I used Sleuth to aggregate >500 preclinical oncology programs across 12 Pharma leaders and surface insights - here were 2 patterns that stood out:
1. Amongst these oncology powerhouses, half of all PC programs are unique
~50% pursue solo targets (~25%) or target combinations (~25%) that no other company in this group is pursuing. It's simultaneously true that Biotech is driving more industry R&D (>2/3 of recent FDA approvals came from biotech sponsors) and there's a long tail of independent Pharma exploration.

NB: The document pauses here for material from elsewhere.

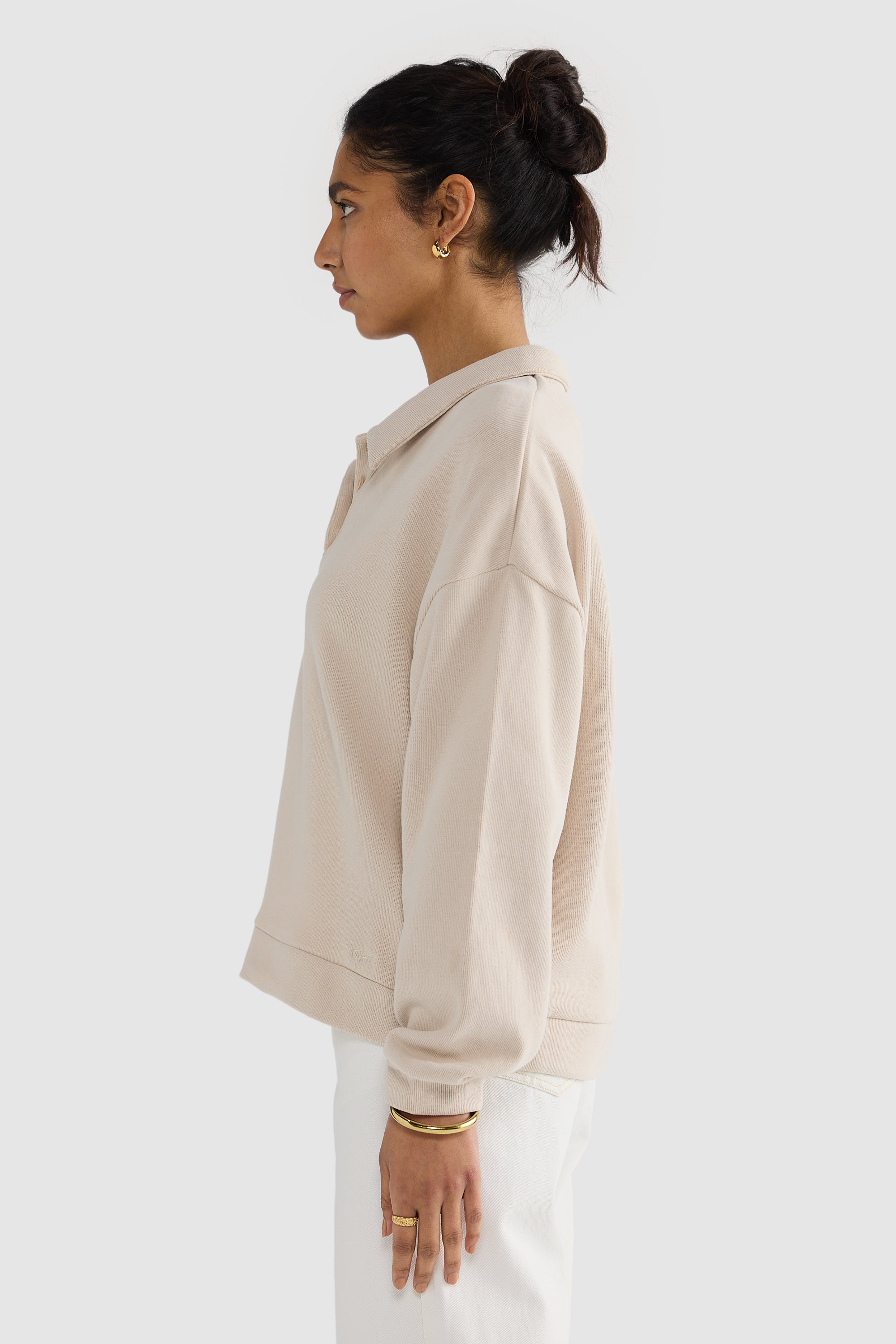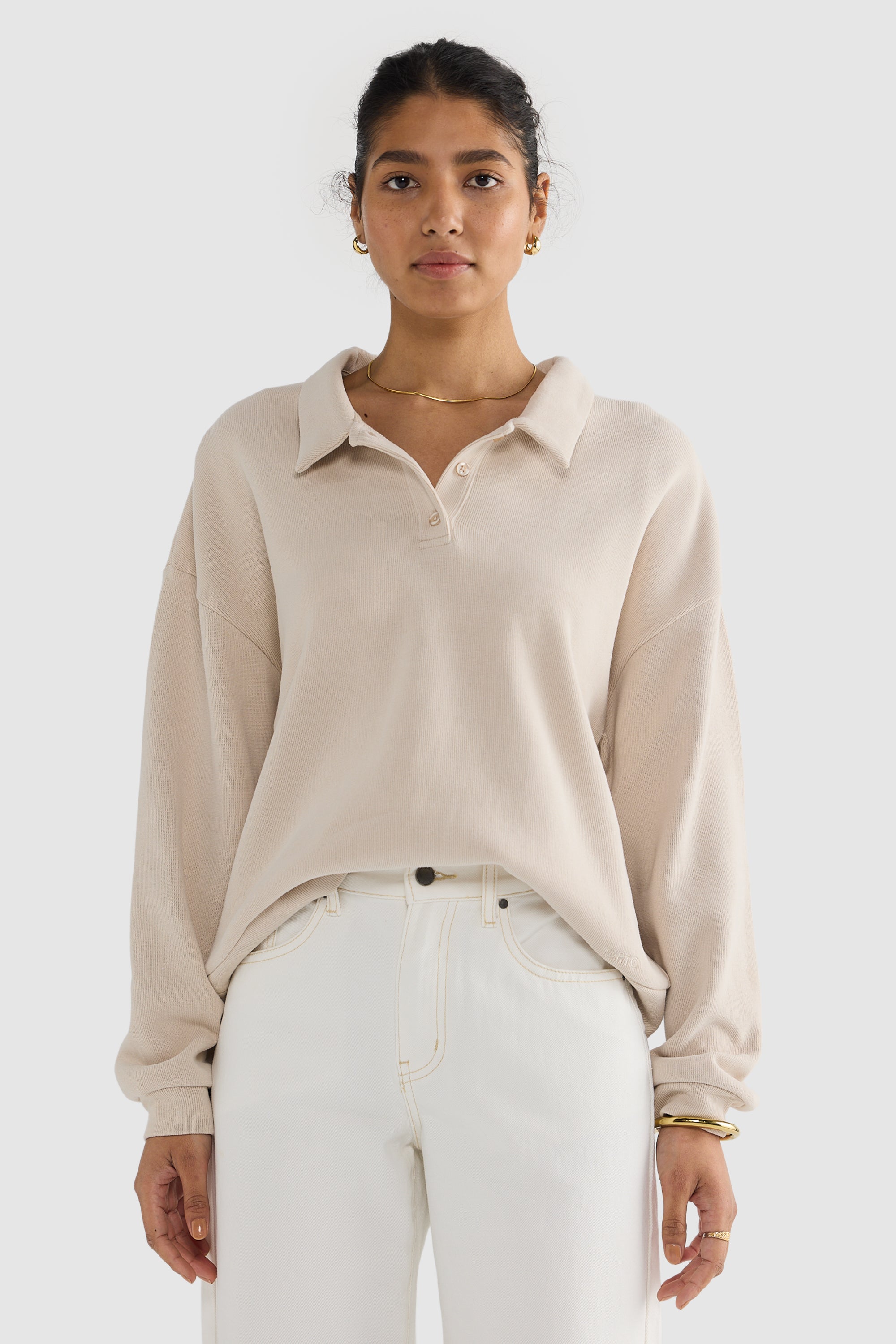 Step out in comfort with the Ava Polo Sweater, a timeless blend of relaxed style and everyday ease. Crafted from brushed cotton with a subtle rib texture, this sweater offers a soft elevated feel. Featuring a button-front polo neckline and tonal ORTC monogram embroidery, it delivers refined details. Designed to be worn as a matching set with our Ava Shorts or Ava Pants.

Even where multiple programs cluster (4+ in this peer set), most targets have limited late-stage development industry-wide, including MCL-1, SMARCA2, TEAD, MSLN and GPC3
2. Emerging modalities show extreme concentration, but most players hedge their bets
Across all 500+ programs, the split is what you'd expect: traditional small molecules dominate, with everything else from bispecifics, cell therapy, ADCs, radiopharma and degraders all clustered together.
Within each company, the strategic concentration can be more striking:
- ~75% of radiopharma programs are concentrated in just 3 companies (AZ, BMS, Novartis)
- ~75% of cell therapy programs are in 4 (AZ, Amgen, Roche, AbbVie)
- Merck alone has 40% of all preclinical trispecific oncology programs, while Roche / Genentech dominate in BsAbs
But here's the nuance: most companies hedge strategically. Only 2 of 12 lack any cell therapy or radiopharma and only 1 lacks ADCs. Companies maintain broad coverage while concentrating resources where they see advantage - balancing optionality with deliberate bets.